Como os nomes dos planetas chegaram até nós
A maioria das pessoas acha que os nomes vêm do grego e ponto. Na prática, é mais complicado que isso. Os romanos copiaram os gregos, mas adaptaram os nomes para seus próprios deuses. Mercúrio era o mensageiro porque o planeta se movia rápido pelo céu. Vênus brilhava demais para ignorar. Marte tinha aquela cor avermelhada que lembrava sangue, então fez sentido chamar de deus da guerra. Júpiter era o rei, óbvio. Saturno era o pai de Júpiter na mitologia, e como o planeta levava anos para fazer uma volta completa, fazia sentido que fosse o mais velho do grupo.
O problema é que esse sistema não funciona para tudo. Quando comecei a trabalhar com astronomia amadora, fiz uma confusão enorme: achei que Urano e Netuno tivessem nomes romanos equivalentes. Não têm. Foram nomeados bem depois, no século XVIII e XIX respectivamente, e os astrônomos brigaram feio sobre qual nome usar. Bode insistia em "Janus", mas a comunidade acabou ficando com Urano, que é na verdade o nome grego, não romano. Netuno foi mais fácil de impor porque era óbvio.
O nome dos planetas e a classificação que mudou tudo
Em 2006, a União Astronômica Internacional definiu o que é um planeta de verdade. Isso estragou Plutão e criou a categoria de planetas anões. O nome dos planetas do sistema solar, do jeito que todo mundo aprende na escola, agora tem oito membros. Mas o interessante é que a definição em si tem falhas práticos que poucos mentionam. Para ser considerado planeta, o corpo precisa estar em hidrostatic equilibrium, o que significa que a própria gravidade o deixou arredondado. Isso parece simples, mas há corpos como Mimas, uma lua de Saturno, que são esferoides por causa da gravidade, mas ainda assim são luas, não planetas. A definição não leva em conta onde o objeto está.

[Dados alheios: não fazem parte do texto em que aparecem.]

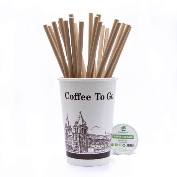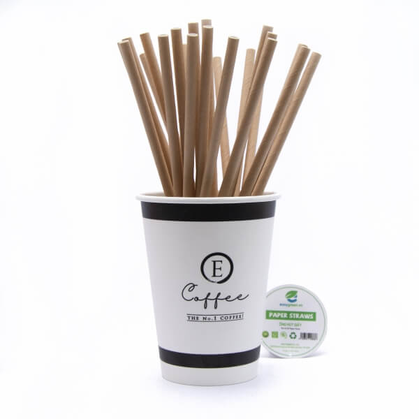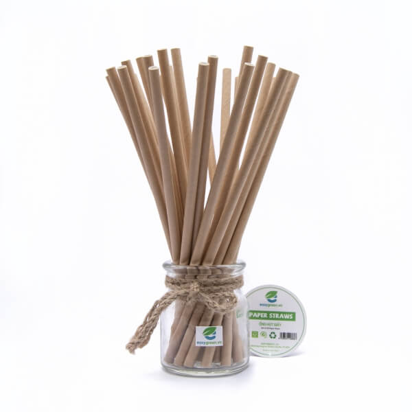 Brown kraft paper straws manufactured in Vietnam by Easy Green and supplied to export markets including the EU, USA, and Australia, offering a premium natural look widely used alongside white paper straws for modern F&B concepts; made from 3-layer EU-origin virgin paper with US-imported food-grade adhesive and plant-based inks (no PE) for safe, fully biodegradable use, delivering strong rigidity for both iced and hot beverages with 3–5 hours of normal use without disintegration; standard 197mm length with Ø6/Ø8/Ø12mm options, packed 500 pcs per kraft paper box, and available for OEM/private-label customization (size, color, and logo printing) for international importers, distributors, and hospitality buyers sourcing bulk volumes.

Um asteroide que atingisse massa suficiente para se arredondar continuaria sendo um asteroide se estivesse no cinturão principal, simplesmente porque não "limpou a vizinhança" orbital.
Na prática, isso significa que a fronteira entre planeta e planeta anão é arbitrária na maioria dos casos. Ceres, no cinturão principal, é redondo. Eris, além de Netuno, também é redondo. Por que um é planeta anão e o outro também? A resposta é que Eris está numa região onde há muitos outros objetos, então tecnicamente não limpou a órbita. Mas a diferença é praticamente irrelevante do ponto de vista físico. Os dois são corpos gelados do tamanho aproximado de Pluto. Tenho um caso específico que nunca consegui resolver direito. Quando estava calibrando um telescópio para observar o cinturão de Kuiper, encontrei um objeto que parecia candidato a planeta anão. O problema é que sem acompanhamento espectroscópico, não dava para confirmar a composição. Passei duas semanas verificando dados doWISE antes de desistir, porque a resolução instrumental simplesmente não era suficiente para diferenciar um objeto rochoso de um gelado naquela distância. Aprendi que a maior limitação não é o telescópio, é o tempo de observação necessário para confirmar propriedades físicas.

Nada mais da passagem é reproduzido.